Mr. Obama’s trade representative, Ron Kirk, appears ambivalent about the value of free trade and we understand the Mexican truck program into the US has been scrapped. It looks like the administration will walk away from the South Korean free trade deal because it is unfair. He wants to open a public discourse with the public on whether the trade agreements awaiting ratification, with Colombia, South Korea and Panama, are a good idea. Due to strong labor connections he doesn’t want another round of WTO negotiations.
The days for collective action are really over. China’s exalted trade position is history. What we are seeing in Washington under a different set of elitists is a continued expansion of the failed policies of the Bush administration. Team A has replaced Team B.
- Is Britain heading towards a depression? They are already in one. The Telegraph reports :
Britain is showing signs of sliding towards a 1930s-style depression, the Bank of England says today for the first time.
The country is displaying early symptoms of being trapped in a so-called “debt deflation trap” where families find themselves pushed further and further into the red every month, according to a Bank report published today.
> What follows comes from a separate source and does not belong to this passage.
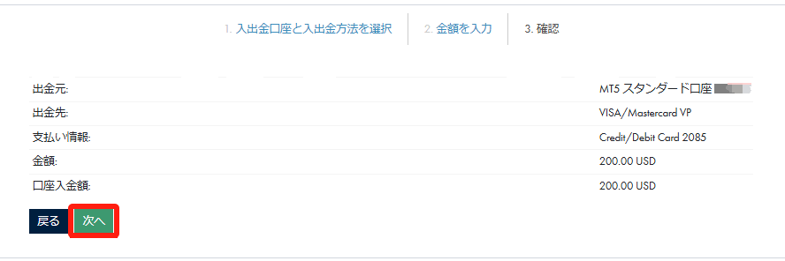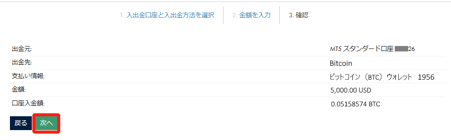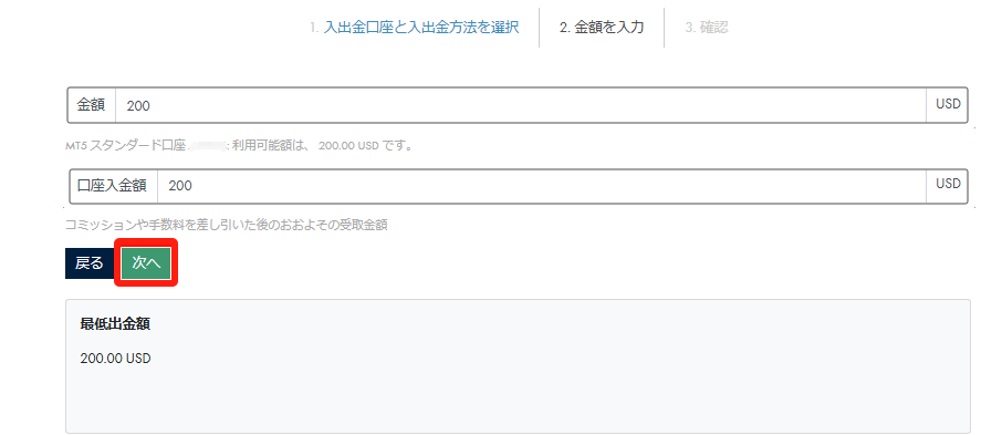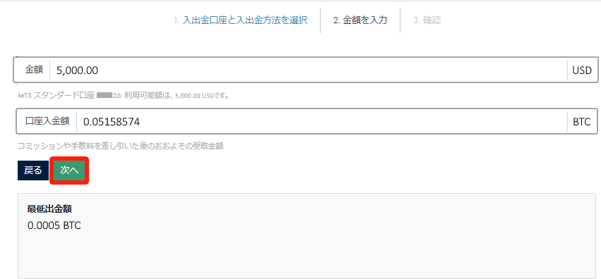 「出⾦額」をドルで⼊⼒し、「次へ」をクリックします。

The stark warning will cause serious concerns, since it was this combination of falling prices and soaring debt burdens that plagued the US in the 1930s.
The Bank is using its Quarterly Bulletin to highlight the threat posed to the economy by deflation – where prices fall each year rather than rise.
Although inflation is currently in positive territory, it is expected to become negative in the coming months. The Bank is worried that this may combine with high levels of indebtedness to squeeze families further.
It says that families with high debts could fall prey to the debt deflation trap. This means that the cost of their debts, which are fixed, would rise compared to average prices throughout the economy. While inflation erodes debts, deflation makes them relatively higher.
The Bank’s paper suggests that Britain is particularly at risk because there is a high proportion of families with significant levels of debt, and many of them are on fixed mortgage rate, which means they will not benefit from rate cuts.
Britons’ total personal debt – the amount owed on mortgages, loans and credit cards – is, at £1.46 trillion, more than the value of what the country produces in a year. Total personal debt has risen by 165 per cent since 1997 and each household now owes an average of about £60,000. The Conservatives claim this is the highest personal debt level in the world.